Archive for November, 2008

Emergency Downtime: Tue, Nov 25, 2008

Tuesday, November 25th, 2008

TODAY, Tuesday, November 25, 2008, we will have an emergency downtime from 1:00pm to 2:00pm EST (note time).

During this time we will be shutting down our infrastructure so that we can (1) revert to a previous version of the software on our faulty file system, and (2) move some of our service/infrastructure file systems to a temporary volume on an alternate file server.

We are taking these actions to help alleviate some of the file system problems we are experiencing. These changes should make the department web sites, FC 010 lab, moodle, and CVS more stable. Accessing the project file space should be no worse than it is now; our expectation is that it will be better, but still under par.

Update 1:42pm: Systems are back on-line. With additional information and upon further consideration, we opted to only perform part (2) above at this time. The department web sites, FC 010 lab, moodle, and CVS should be more stable and more responsive. We postponed reverting the file system software to allow our vendor additional time to debug the problem. We are likely to revert to a previous state early tomorrow morning.

CVS Downtime / Migration

Tuesday, November 25th, 2008

We are bringing down the department’s CVS server and moving the content from our problematic file server to a temporary location on another file server. We expect to have it back online by noon today. We will post a follow-up when it is complete.

Update 9:40am: Because we did an initial rsync for the CVS data yesterday, the final rsync this morning completed quickly and the CVS server is now back on-line. There is still a read-only dependency between the CVS server and the problematic file system; however, we expect that the CVS performance should be much closer to normal. As usual, please report problems to csstaff@cs.

Short Notice Downtimes and File System Issues

Monday, November 24th, 2008

As many of you have noticed and reported, we continue to have serious performance problems with our file server. (This is the system that serves everything except home directories.) The issue has been escalated to the highest level and is getting 24/7 attention from our vendor. To get the problem resolved as quickly as possible, we expect to have a few short downtimes (<  1 hour) with short notice (~30 minutes) this week. This notice is to make sure that you pay close attention to messages on the downtime list and on this blog. If you are a researcher and have conference/journal/proposal deadlines this week, please let us know who is working on them and when they are due. Also, if you are an instructor and have assignments due this week (that require use of the CS infrastructure), please let us know the course and time the assignment is due. At this time, the read performance from the file server is acceptable; however, the write performance is pathologically slow. Note that to get the read performance where it is now, we have to temporarily disable updating the atime (accessed time) value. Also, snapshots on the project space have been temporarily disabled. Update 12:37pm: We will have a brief downtime at 1:00pm today, when we reboot the file server. In an attempt to minimize disruption, other systems will be left up during the file server reboot, so you will notice a long pause while the reboot occurs. Things should hopefully return once the server comes back up. The downtime should be less than 30 minutes if it goes as expected.
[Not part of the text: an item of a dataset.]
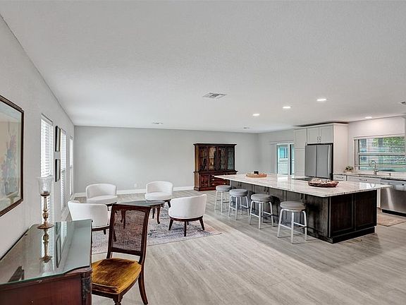 This is the home you've been waiting for! Completely remodeled top to bottom in 2023, no detail has been overlooked in this stunning 3-bed, 2-bath waterfront property! Enter into an inviting open floor plan featuring new kitchen w/ two-toned shaker cabinets, upgraded granite counters & stainless steel appliances, all complemented by an oversized bar area ideal for entertaining! Each bedroom is generously sized and the bathrooms have been beautifully updated. Enjoy new luxury vinyl flooring throughout, enhanced by upgraded baseboards. Step onto the enclosed and covered back patio, which offers peaceful waterfront views. New 2023 roof and A/C + insulation installed along w/ impact glass thru/out, this home is perfect for buyers looking to move right in! This gem won’t last long!
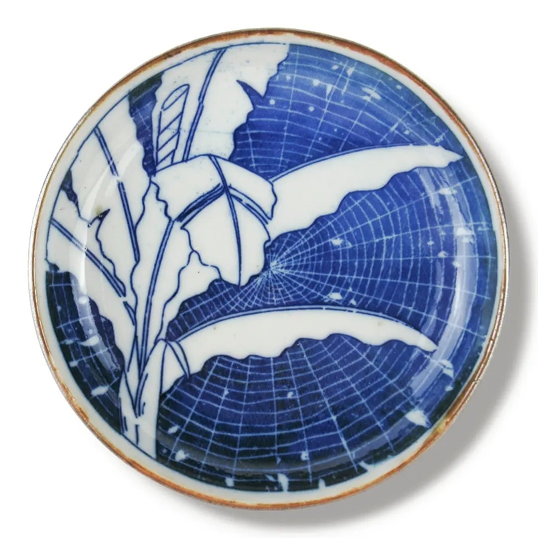 明治末~大正期 銅版染付蜘蛛巣芭蕉文皿

Emergency Downtime: Fri, Nov 21, 2008

Friday, November 21st, 2008

On Friday, November 21, 2008, we will have an emergency downtime from 12:00pm to 2:00pm EST (note time).

During this time we will be shutting down our infrastructure so that we can apply a software patch to the file server.

Our file server vendor has high confidence that they have identified the bug that is the root cause of our performance and connectivity problems. They have created a custom “patch” for us that removes the bug. Given the severity of the problem for our infrastructure and the confidence from the vendor that this will correct the problem, we have opted to apply the patch during business hours TODAY.

Update 12:50pm: We have applied the patch and our systems are back online. Performance seems to be better; time will tell if the improvement is permanent. As always, please continue to report problems to csstaff.

Emergency Downtime: Tue, Nov 18, 2008

Monday, November 17th, 2008

On Tuesday, November 18, 2008, we will have an emergency downtime from 4:00 AM to 8:00 AM EST.

During this time we will be applying vendor-recommended patches to our fileserver in order to address the recent performance and connectivity issues with the server.

Fileserver Problems

Sunday, November 16th, 2008

Our main department fileserver is having problems providing NFS (and probably SMB) service to the systems in the department. Impacted services include the main department web server (www.cs.princeton.edu), virtual web servers, the CS public unix machines (portal) and the c2 cluster. So far, e-mail appears to be working normally.

We have collected debugging information and sent it to the vendor for analysis. We are monitoring the situation and doing what we can to keep services up. Please send e-mail to csstaff if you have any new issues to report. We will update this space as we know more.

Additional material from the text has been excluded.